Decreased susceptibility to Plasmodium falciparum infection in pregnant women with iron deficiency.

作者信息

Kabyemela Edward R, Fried Michal, Kurtis Jonathan D, Mutabingwa Theonest K, Duffy Patrick E

机构信息

Mother-Offspring Malaria Studies Project, Seattle Biomedical Research Institute, Seattle, Washington 98109, USA.

出版信息

J Infect Dis. 2008 Jul 15;198(2):163-6. doi: 10.1086/589512.

Abstract

Iron plus folate supplementation increases mortality and morbidity among children in areas of malaria endemicity in Africa, but the effects of supplementation on pregnant women in malaria-endemic areas remain unclear.
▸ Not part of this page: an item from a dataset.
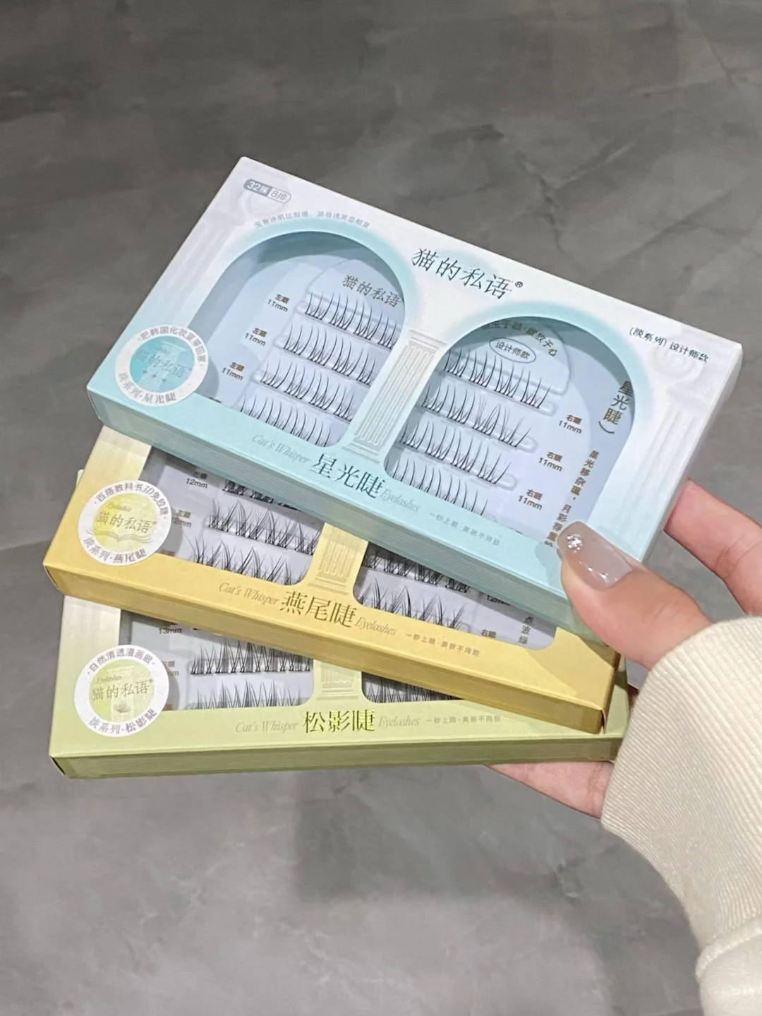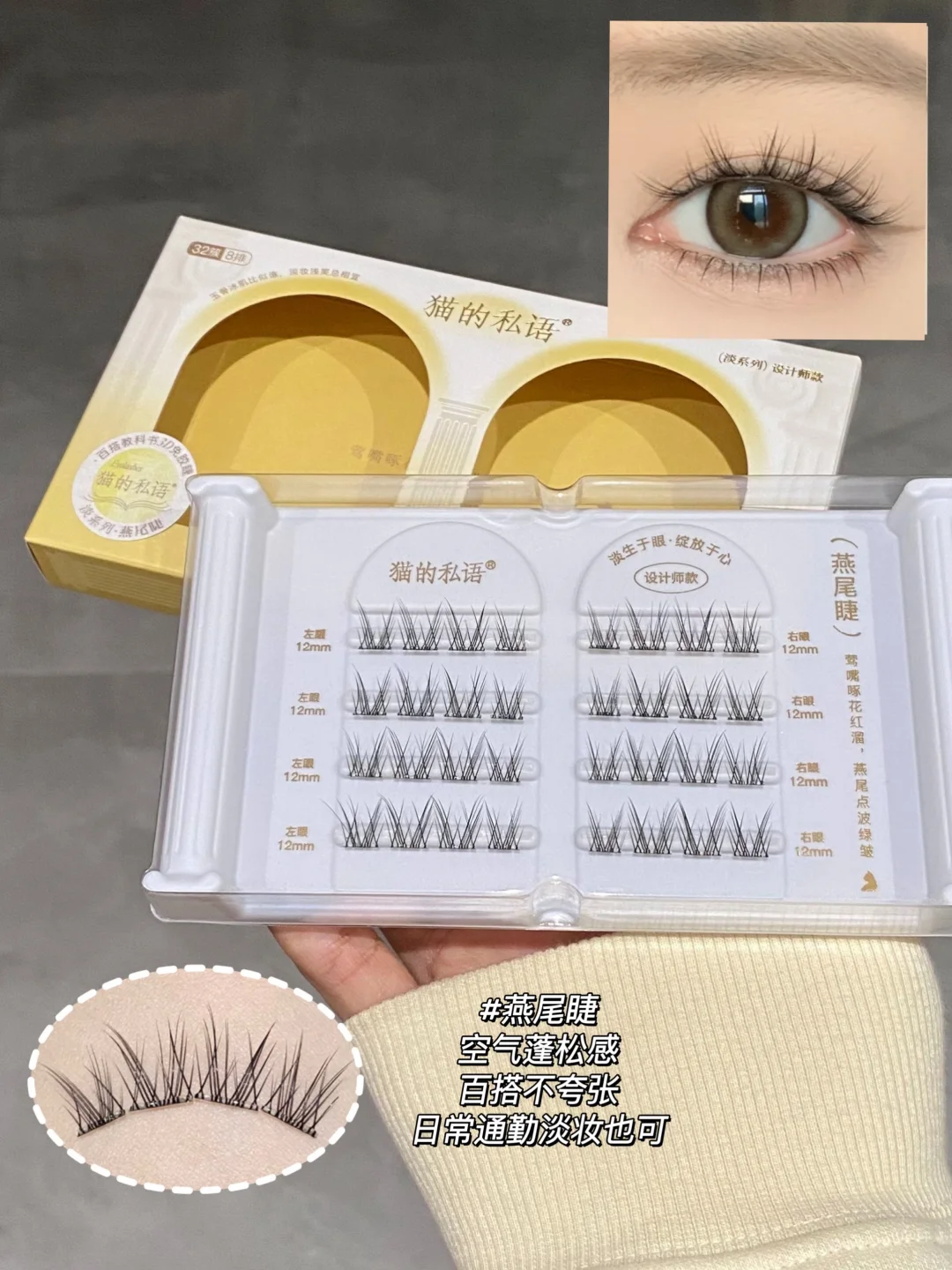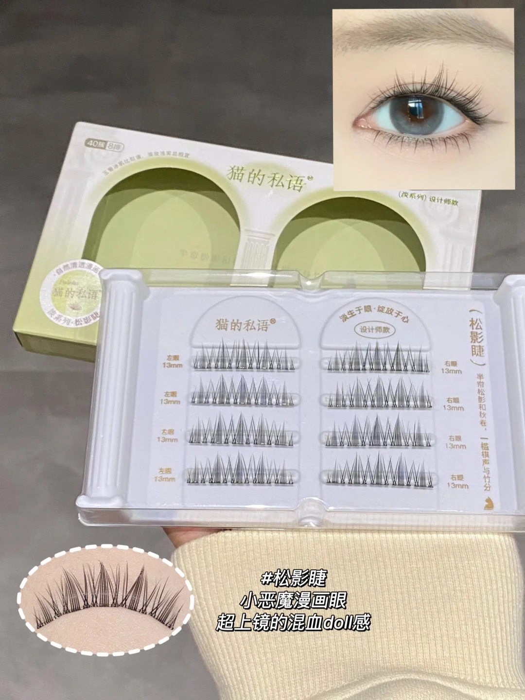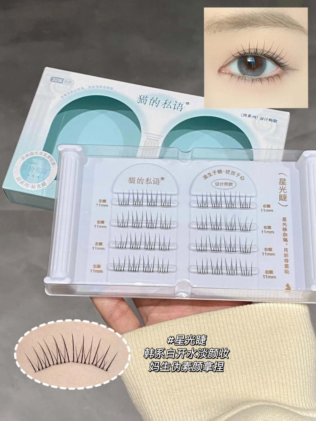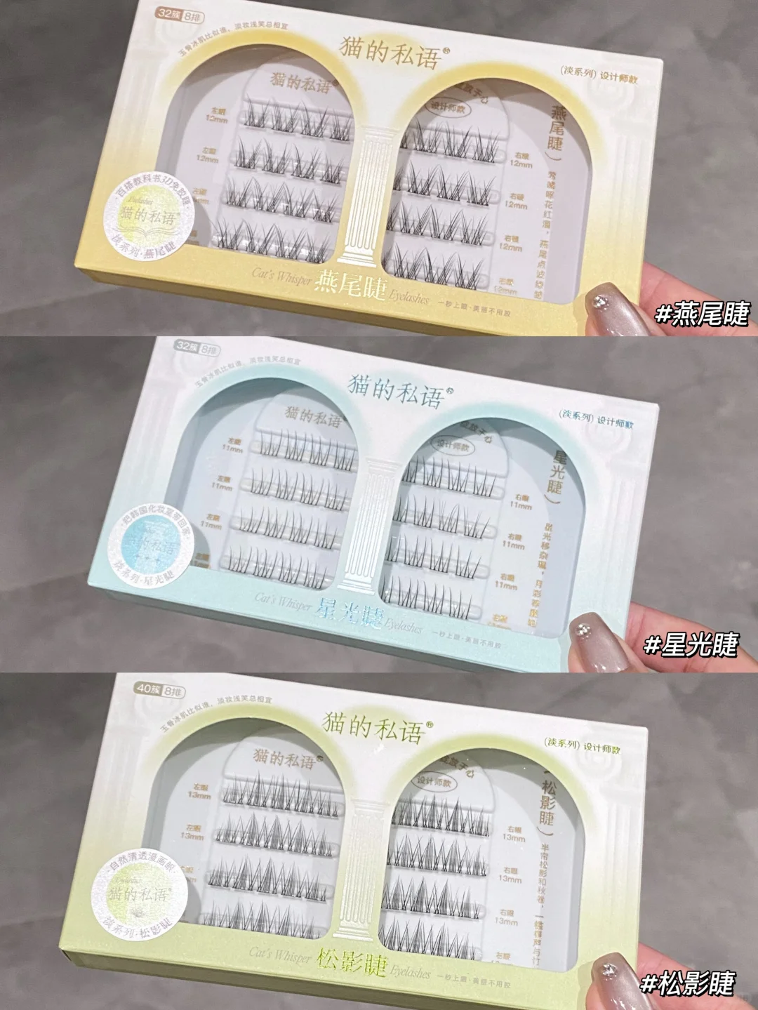 猫的私语新品淡系列! 淡人看一眼就会爱上的超自然妈生睫 三款直接allin啦 免胶免卸真的夸累了 懒人滴神!! 🪶燕尾睫 空气蓬松感 百搭不夸张 日常通勤淡妆也能hold住 ✨星光睫 韩系白开水天配! 想要妈生伪素颜 就选这个! 🌲松影睫 小恶魔漫画眼 超上镜的doll感睫 甜酷风拿捏!

In northeastern Tanzania, where malaria and iron deficiency are common, we found that placental malaria was less prevalent (8.5% vs. 47.3% of women; P< .0001) and less severe (median parasite density, 4.2% vs. 6.3% of placental red blood cells; P< .04) among women with iron deficiency than among women with sufficient iron stores, especially during the first pregnancy. Multivariate analysis revealed that iron deficiency (P< .0001) and multigravidity (P< .002) significantly decreased the risk of placental malaria. Interventional trials of iron and folate supplementation during pregnancy in malaria-endemic regions in Africa are urgently needed to ascertain the benefits and risks of this intervention.

摘要

在非洲疟疾流行地区,补充铁剂加叶酸会增加儿童的死亡率和发病率,但补充剂对疟疾流行地区孕妇的影响仍不明确。在坦桑尼亚东北部,疟疾和缺铁情况较为常见,我们发现,缺铁女性的胎盘疟疾患病率较低(8.5%对47.3%的女性;P<0.0001)且病情较轻(疟原虫密度中位数,胎盘红细胞的4.2%对6.3%;P<0.04),尤其是在首次怀孕时,缺铁女性比铁储备充足的女性情况更好。多变量分析显示,缺铁(P<0.0001)和多胎妊娠(P<0.002)显著降低了胎盘疟疾的风险。迫切需要在非洲疟疾流行地区进行孕期补充铁剂和叶酸的干预试验,以确定这种干预措施的益处和风险。